Study conducted in Arba Minch, Ethiopia shows knowledge of cervical cancer was found to be significantly associated factor for cervical cancer screening [26]. In Tanzania knowledge of cervical cancer were strongly associated with being screened [17]. In Mekelle, Ethiopia among age Eligible women, knowledge on cervical cancer screening was 2.36 times more likely to undergo screening when compared to those who were not knowledgeable [15]. Study conducted among nurses in Mekelle, Ethiopia shows the odds of getting screened for cervical cancer have a positive attitude 3.4 times as compared to nurses who have negative attitudes [13]. Respondents who had negative attitude had 63% lesser odds of being screened compared to those who had positive attitudes towards screening in Nigeria [27]. Those studies were consistent with this study finding.
Conclusions
In this study, women with the age group of 30–39 and 40–49 years, current occupation with governmental and private employee, having lifetime multiple sexual partners and ever give birth were more likely to utilized cervical cancer screening. Good knowledge about cervical cancer, good knowledge and positive attitude about cervical cancer screening were significantly associated with utilization of cervical cancer screening.
Recommendations
There is a need to strength policy and guidelines on cervical cancer screening among women particularly with regarding occupation, number of sexual partners and parity. Health professional should give advice to women with in age group of 21–29 years, current occupation as housewife and women with single sexual partner to be screened for cervical cancer.

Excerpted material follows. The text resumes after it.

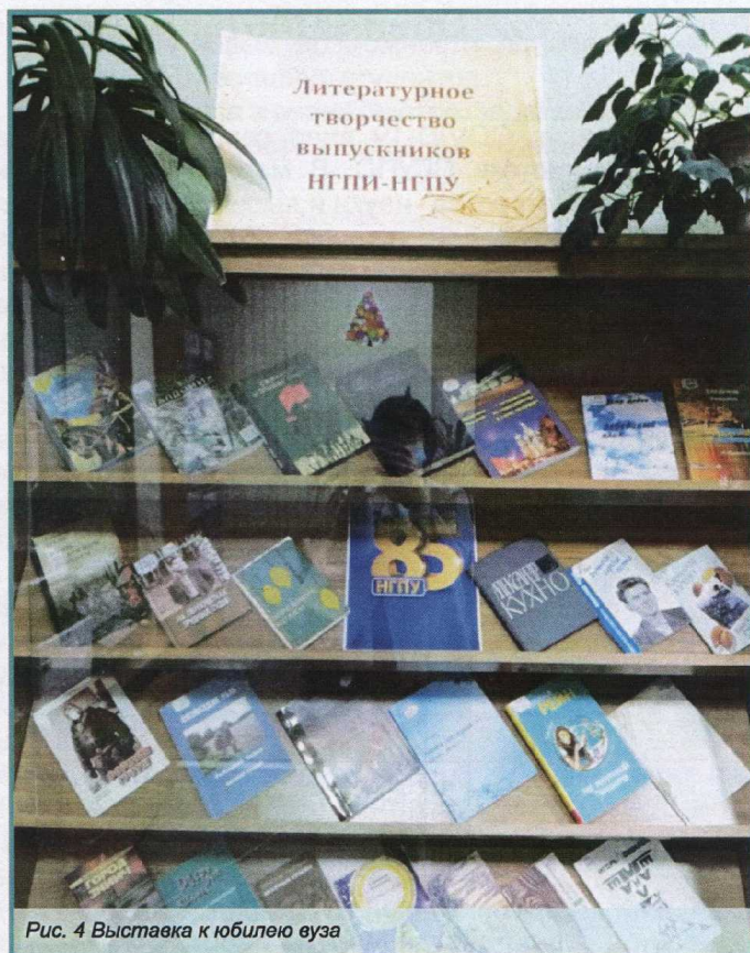
Рис. 4 Выставка к юбилею вуза

Репозитория НГПУ невозможно сравнить с предыдущим годом, т.к. ресурс был запущен только в январе 2020 года. Можно лишь сказать, что им хорошо пользовались, и в приоритете были научные издания.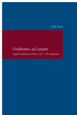
Ordinatio ad Casum Ladenpreis: 91,50EUR

All stakeholders, particularly the health sector, should give priority on the promotion and initiation of women to acquired good knowledge and positive attitude on cervical cancer screening.
Limitations
Studies should be done regarding readiness of cervical cancer screening service, quality of service, provider knowledge and other related factors.
Supporting information
Acknowledgments
I would like to acknowledge Adigrat University for providing financial and technical support and Tigray regional health bureau for their permission to collect the data in the hospitals. It gives us a great honor to thank all data collectors, supervisors and study participants for giving their valuable time and cooperation during data collection time.
Data Availability
All relevant data are within the manuscript and its supporting Information files.
Funding Statement
This research was funded by Adigrat univesity (AGU/CMHS/036/09 to HT). The funders had no role in study design, data collection and analysis, decision to publish, or preparation of the manuscript.